A new commercial insurance opportunity around organizations that supply electric scooters as a pay-as-you-go form of inner-city travel. According to A.M. Best Company Inc., the line of business is a growth market for insurance companies.
Daniel Heitlinger, financial analyst for the company, says electric scooters fall into the “micro mobility” category. While this is an ill-defined term, he says it usually includes so-called “last-mile” modes of transportation that help consumers complete a journey.
“This typically includes mopeds, community bikes, e-scooters, and other micro mobility programs,” said Heitlinger. “While the risks associated with micro mobility are not necessarily new, we believe that it will be a growing market for coverage. Specifically driving this trend is the introduction of commercial risks as companies like Bird and Lime continue to scale.”

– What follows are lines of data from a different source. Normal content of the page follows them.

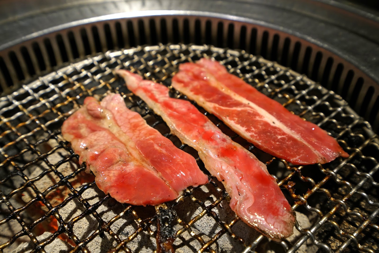新鮮的肉質,一烤下去肉汁迸出的色澤超吸引人的!不要烤得過焦,可以吃到霜降牛五花的嫩度和油脂的香氣!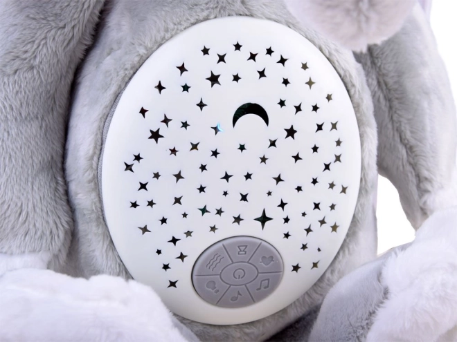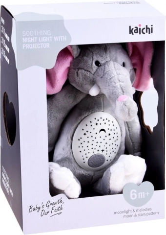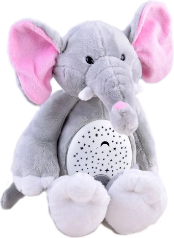 Der Plüschelefant dient als Nachtlicht und bietet beruhigende Melodien, die den Kindern beim Einschlafen helfen.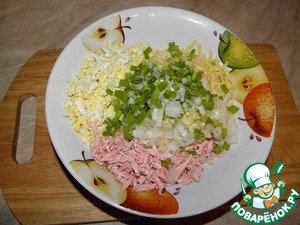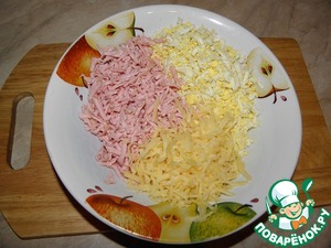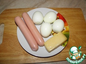 Натереть на крупной терке сосиски, сыр и яйца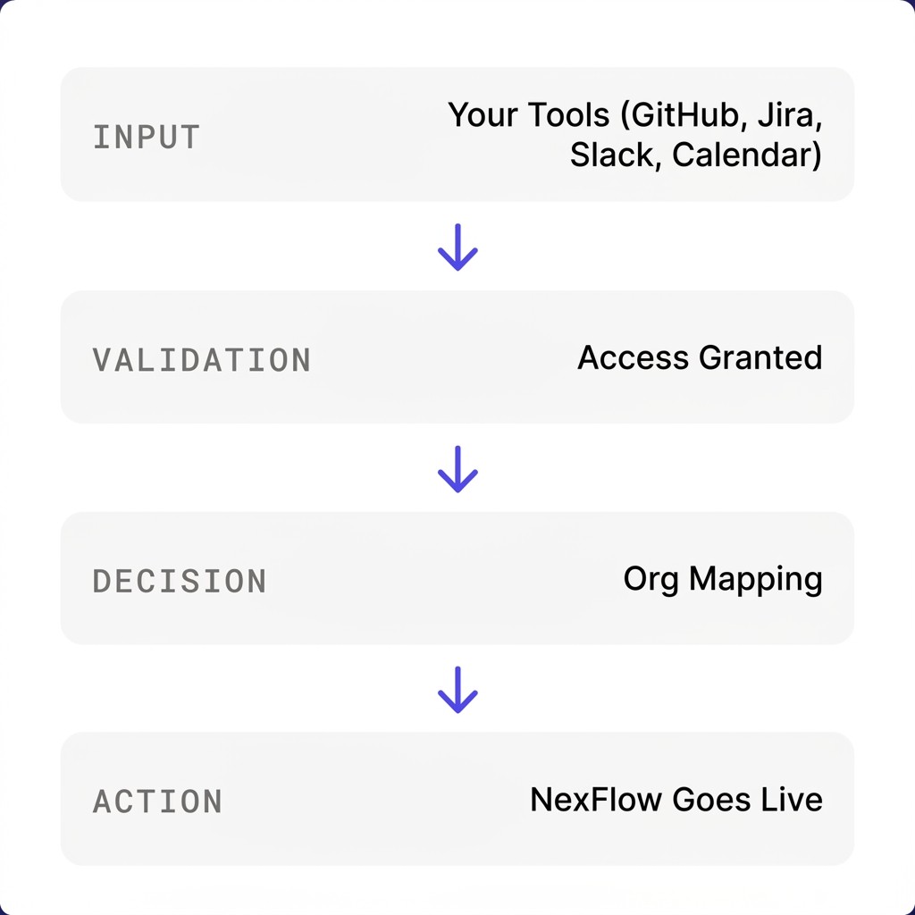 NexFlow currently connects to GitHub, Jira, Linear, Slack, and Google Calendar. If you use something that isn't listed, reach out. We're adding integrations regularly.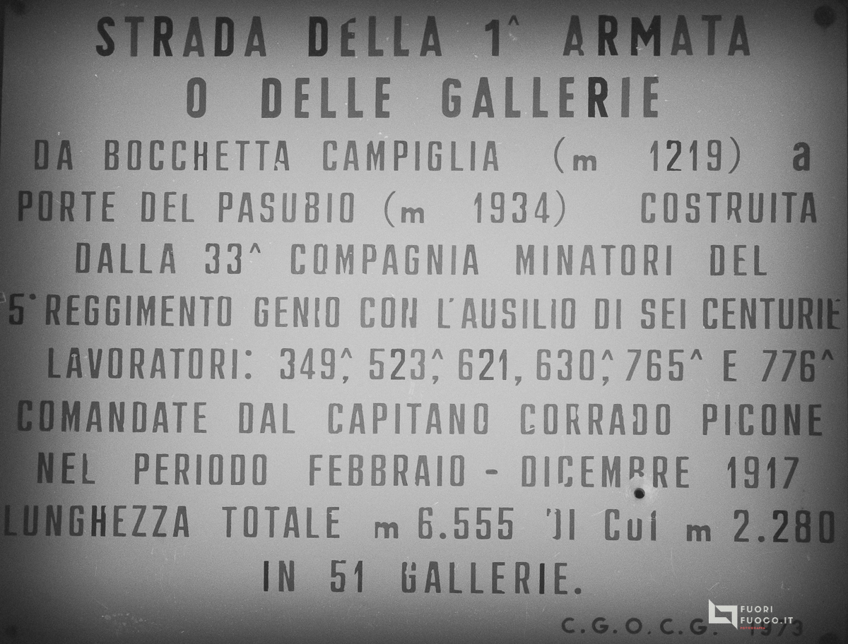 Inoltre nel 1991 è stato apposto nome e numero all’ingresso di ciascuna di esse. Le dediche alle gallerie, ad eccezione delle gallerie 49 e 50, sono state assegnate nel 1917 dal capitano Picone.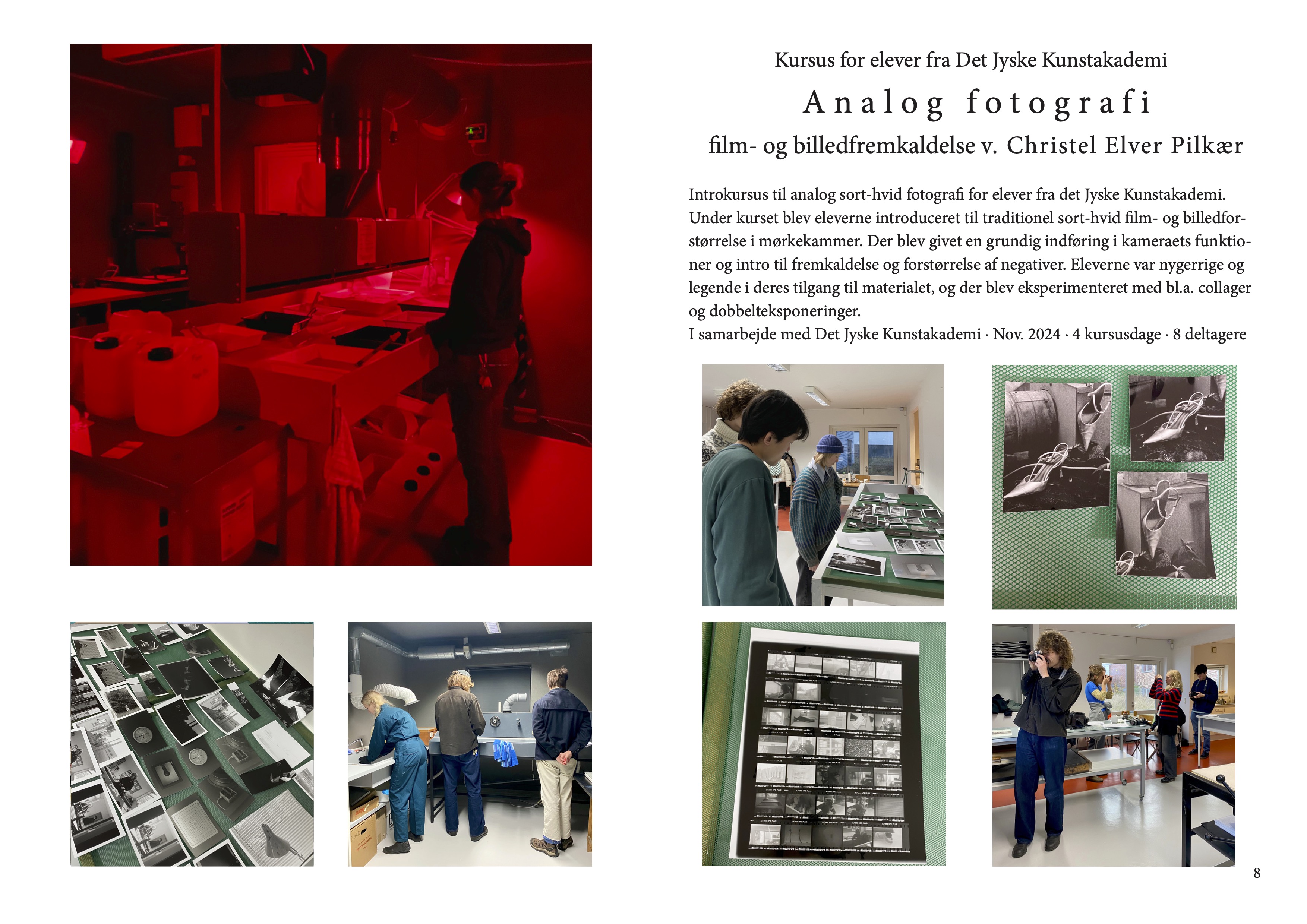 - nov. 2024: kursus for Det Jyske Kunstakademi: analog fotografi – film- og billedfremkaldelse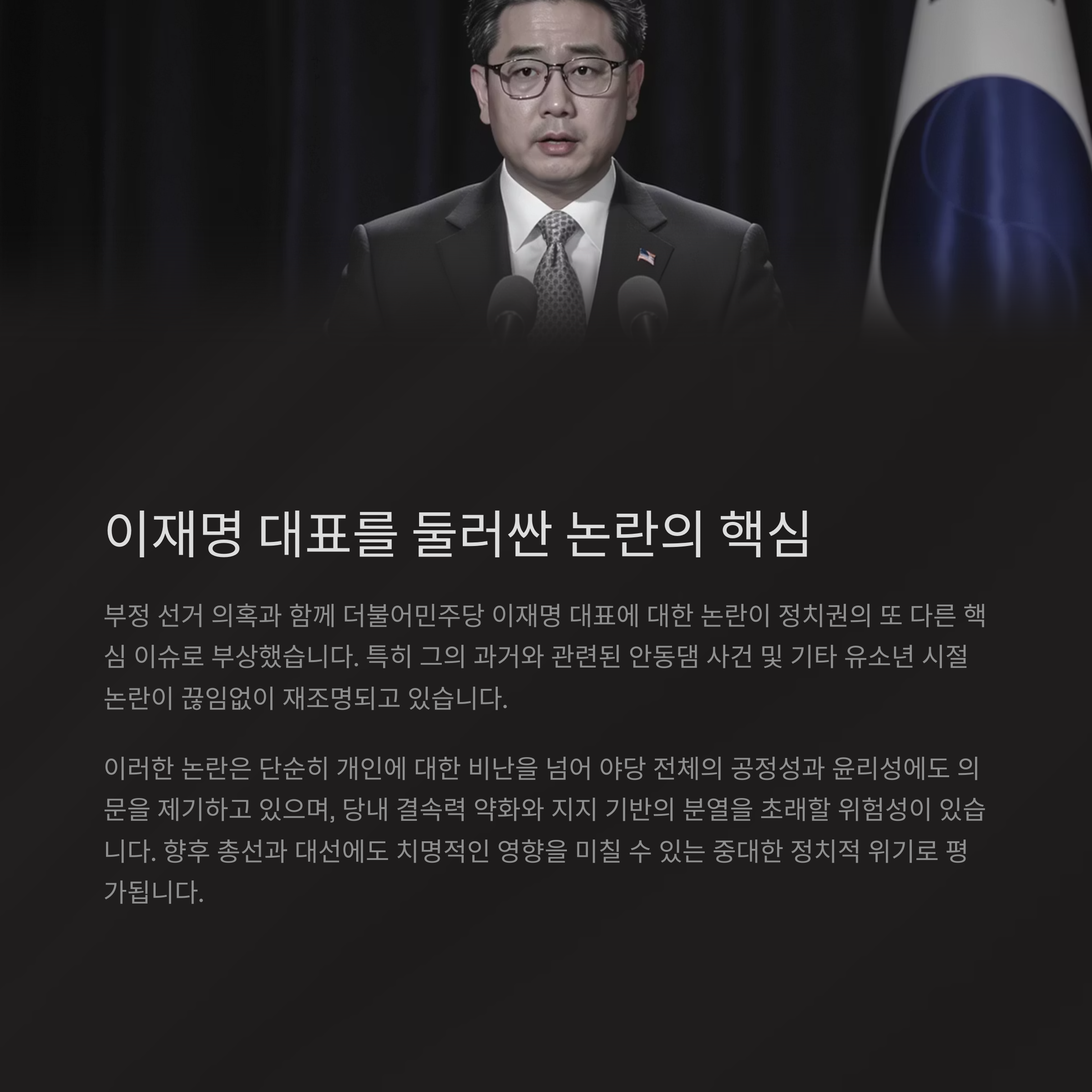 - 안동댐 사건 연관: 유소년 시절의 사건이 재조명되며 이재명 대표에게 치명적일 가능성이 있습니다.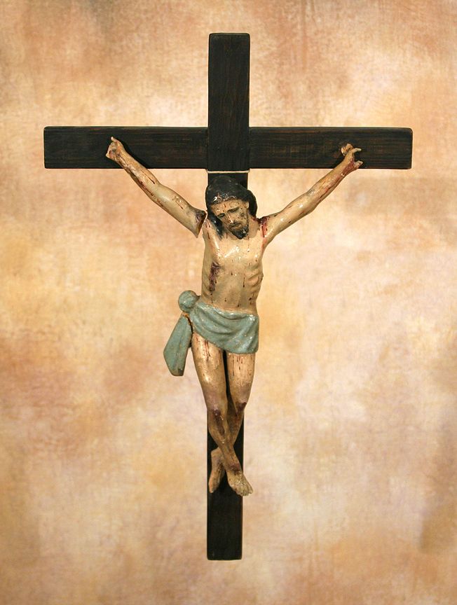 Large Antique Crucifix. 28" x 18" beautifully carved & painted Jesus on the cross. 19th century. (est. $800-1,200). Provenance: The Ralph & Rowena Meyers Collection. CONDITION REPORTS: www.auctioninsantafe.com/docs/cr2012.pdf
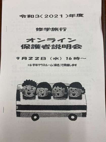 10月14、15日の一泊二日で実施予定の修学旅行。コロナ禍の中ですが、子ども達には仲間とともに過ごす思い出の時間として健康に留意して実施したいと願っています。

Auto insurance is not mandatory for electric scooters, which are not allowed to be operated on public roads. However, a lot of carriers provide specialized electric bike insurance that is available through a home insurance policy.
“Regulators have really struggled to get their hands around this issue,” Heitlinger said, commenting in general.
“E-scooters have really popped up out of nowhere and at times could be a serious hazard,” Heitlinger said at the A.M. Best briefing, held Sept. 13 at the Sheraton Centre in Toronto. “Right now, it’s a bit of a wild west out there. People are able to hop on and off on a whim, driving down the road or on the sidewalks at speeds of up to 50 km/h and docking really wherever.”
“Without proper rider etiquette in place … there are still ample risks around this issue and while we do expect micro mobility insurance products to continue to slowly grow, the current lack of regulation and safe practices will likely hinder its growth in the near term.”